# Prompt
Return the data below unaltered, but strip out the pictures.
:: Provided records
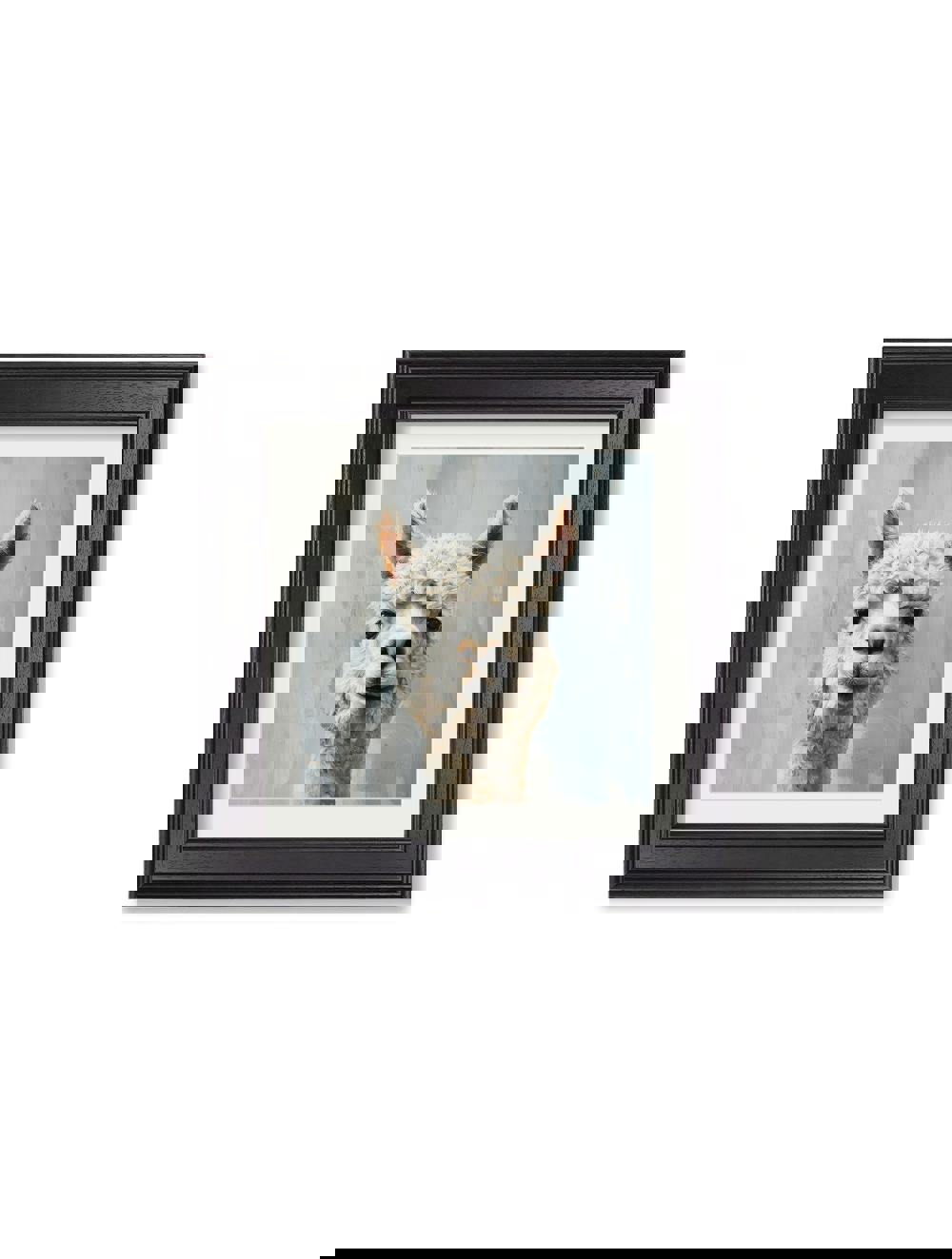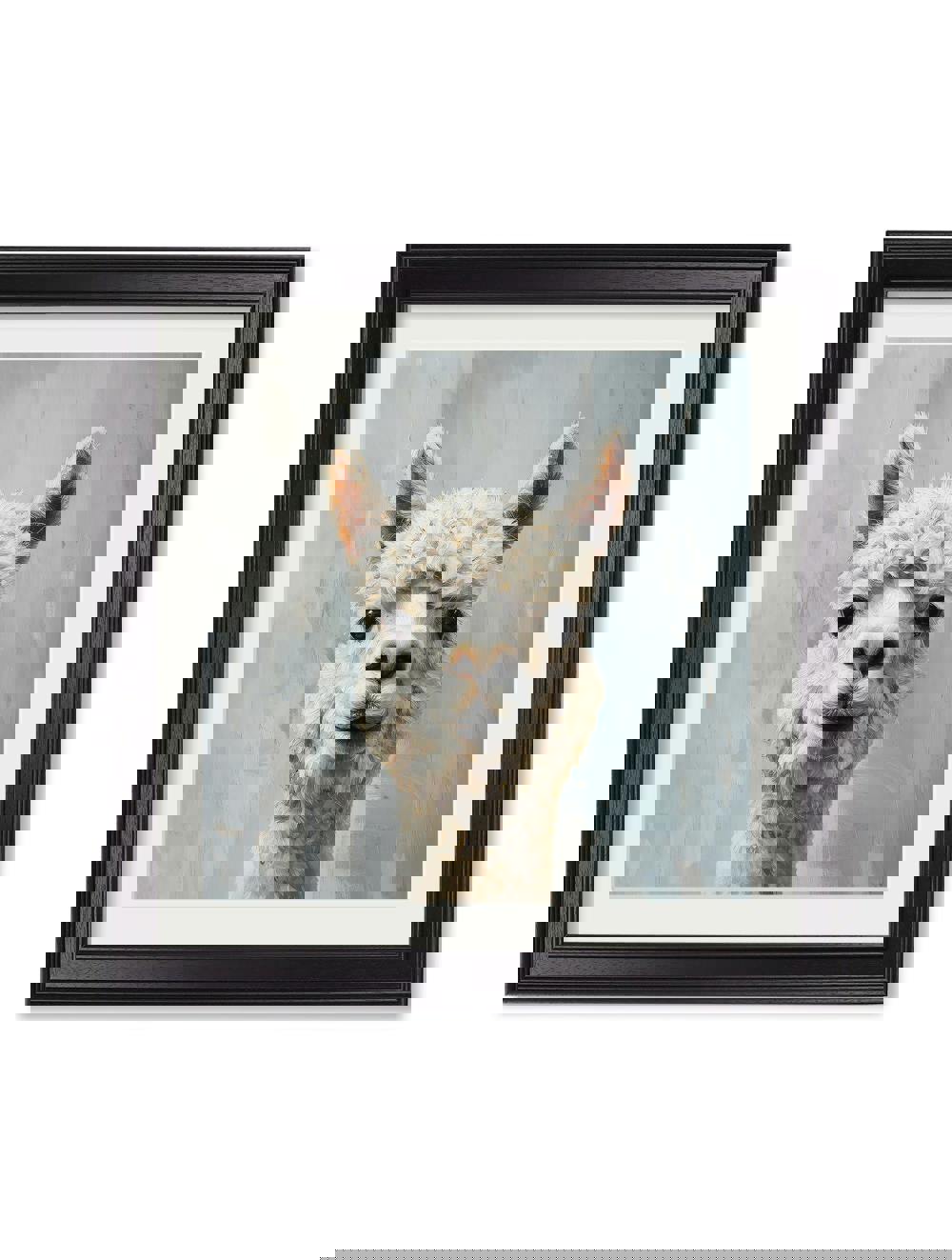 This joyful print brings a splash of fun to your wall with a wonderfully Goofy Alpaca. Brimming with personality, the artwork showcases energetic brushstroke details that highlight its whimsical expression and lovable charm. Its cheerful face adds an instant lift to any room, making this print a heartwarming and playful addition. Set against a softly faded pale blue background and finished in our square Black Hurstwood frame with mount, it’s a charming print for any space.
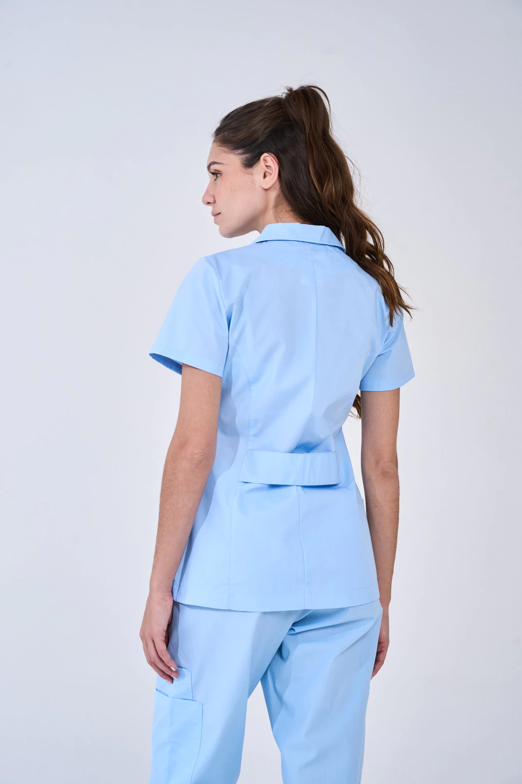 ¡La chaqueta Posadas color celeste claro es lo más! Con casaca cuello y solapa que marca la diferencia, esta prenda entallada es puro estilo. Viene con 3 bolsillos plaqué para llevar lo que quieras y se ajusta adelante con broches, ¿canchero, no? Las mangas son cortas y agregan onda con una martingala en la espalda. Fabricada en tela Lavi Listo (Poliéster 65%, Algodón 35%), es comodidad y estilo juntos.
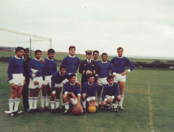 נבחרת הכדורגל של צוות דקר באנגליה, אברהם יושב עם הכדור
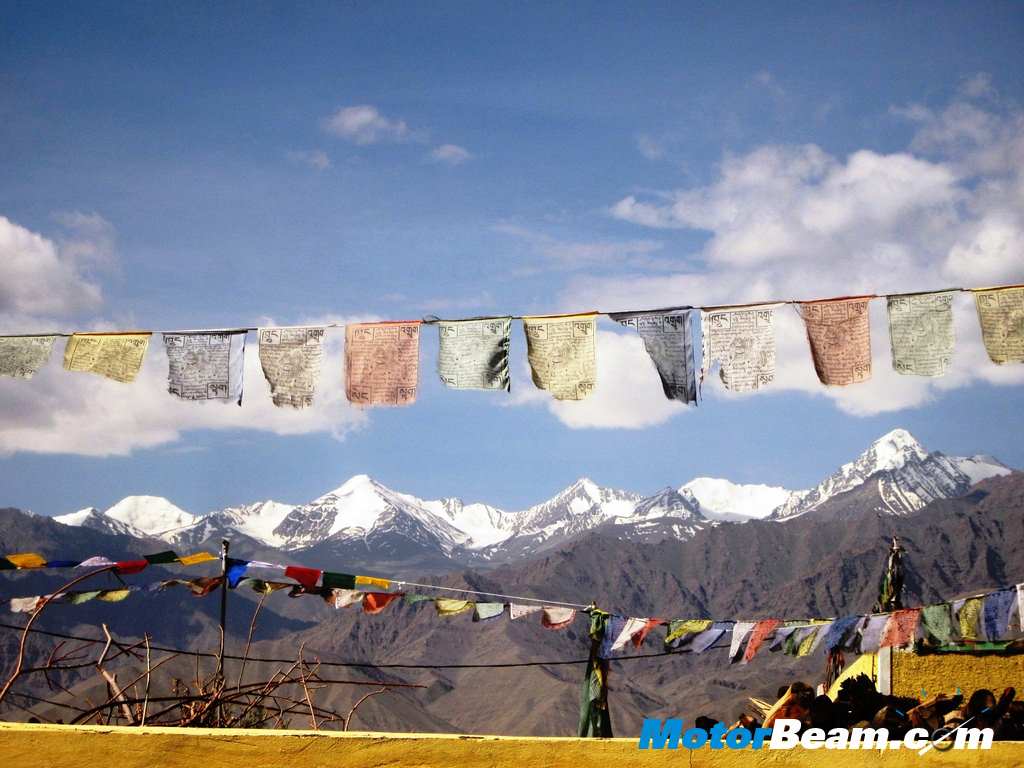 The parking lot was awash with a lot of very interesting Royal Enfields, some immaculate old Bullets to very well modified newer bikes for the difficult adventure that is the Odyssey. Finally we were allotted the bike we would be using for the Himalayan Odyssey, a sparkling new Thunderbird 500. This meant only one thing, exploring the town of Leh and its surroundings as well as getting to know our ‘bird before we set off the next day. The town of Leh has very rustic beauty and is a typical Tibetan style town with the Gompa or Shey Monastery perched on a hill above the town. But it has all the modern amenities and luxuries like an airport, good hotels and cafes along with traditional Tibetan stuff. The road leading to state capital of Sri Nagar is an exceptional piece of tarmac with great views and has the famous ‘Magnetic Hill’ on the way.
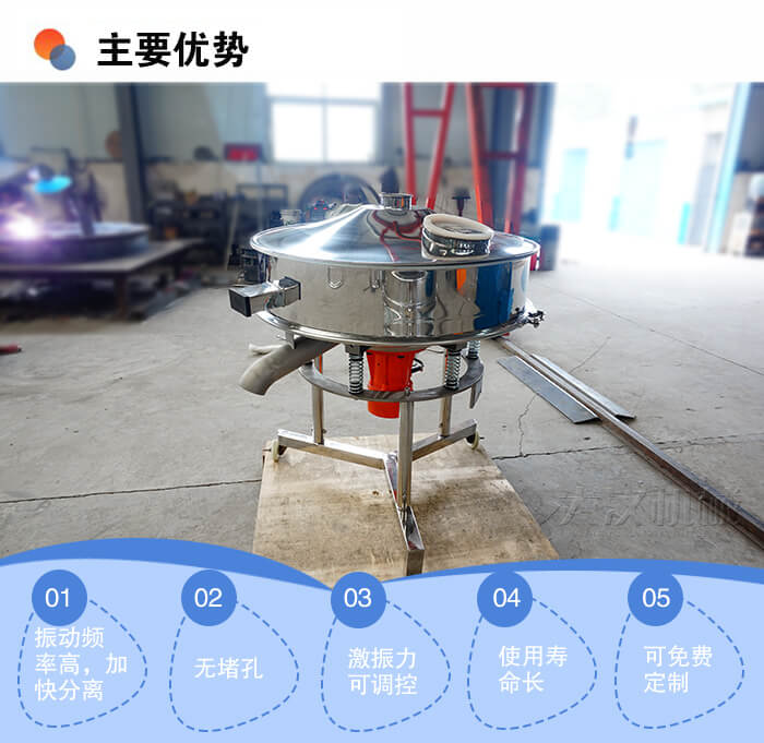 采用了高頻振動(dòng),振動(dòng)頻率高達(dá)1500-7200轉(zhuǎn)/分,使得物料在篩面上產(chǎn)生高速振動(dòng),可以加快物料之間的分離,篩分效果更為顯著;
::::
# Output for this exercise
 This joyful print brings a splash of fun to your wall with a wonderfully Goofy Alpaca. Brimming with personality, the artwork showcases energetic brushstroke details that highlight its whimsical expression and lovable charm. Its cheerful face adds an instant lift to any room, making this print a heartwarming and playful addition. Set against a softly faded pale blue background and finished in our square Black Hurstwood frame with mount, it’s a charming print for any space.
 ¡La chaqueta Posadas color celeste claro es lo más! Con casaca cuello y solapa que marca la diferencia, esta prenda entallada es puro estilo. Viene con 3 bolsillos plaqué para llevar lo que quieras y se ajusta adelante con broches, ¿canchero, no? Las mangas son cortas y agregan onda con una martingala en la espalda. Fabricada en tela Lavi Listo (Poliéster 65%, Algodón 35%), es comodidad y estilo juntos.
 נבחרת הכדורגל של צוות דקר באנגליה, אברהם יושב עם הכדור
 The parking lot was awash with a lot of very interesting Royal Enfields, some immaculate old Bullets to very well modified newer bikes for the difficult adventure that is the Odyssey. Finally we were allotted the bike we would be using for the Himalayan Odyssey, a sparkling new Thunderbird 500. This meant only one thing, exploring the town of Leh and its surroundings as well as getting to know our ‘bird before we set off the next day. The town of Leh has very rustic beauty and is a typical Tibetan style town with the Gompa or Shey Monastery perched on a hill above the town. But it has all the modern amenities and luxuries like an airport, good hotels and cafes along with traditional Tibetan stuff. The road leading to state capital of Sri Nagar is an exceptional piece of tarmac with great views and has the famous ‘Magnetic Hill’ on the way.
 采用了高頻振動(dòng),振動(dòng)頻率高達(dá)1500-7200轉(zhuǎn)/分,使得物料在篩面上產(chǎn)生高速振動(dòng),可以加快物料之間的分離,篩分效果更為顯著;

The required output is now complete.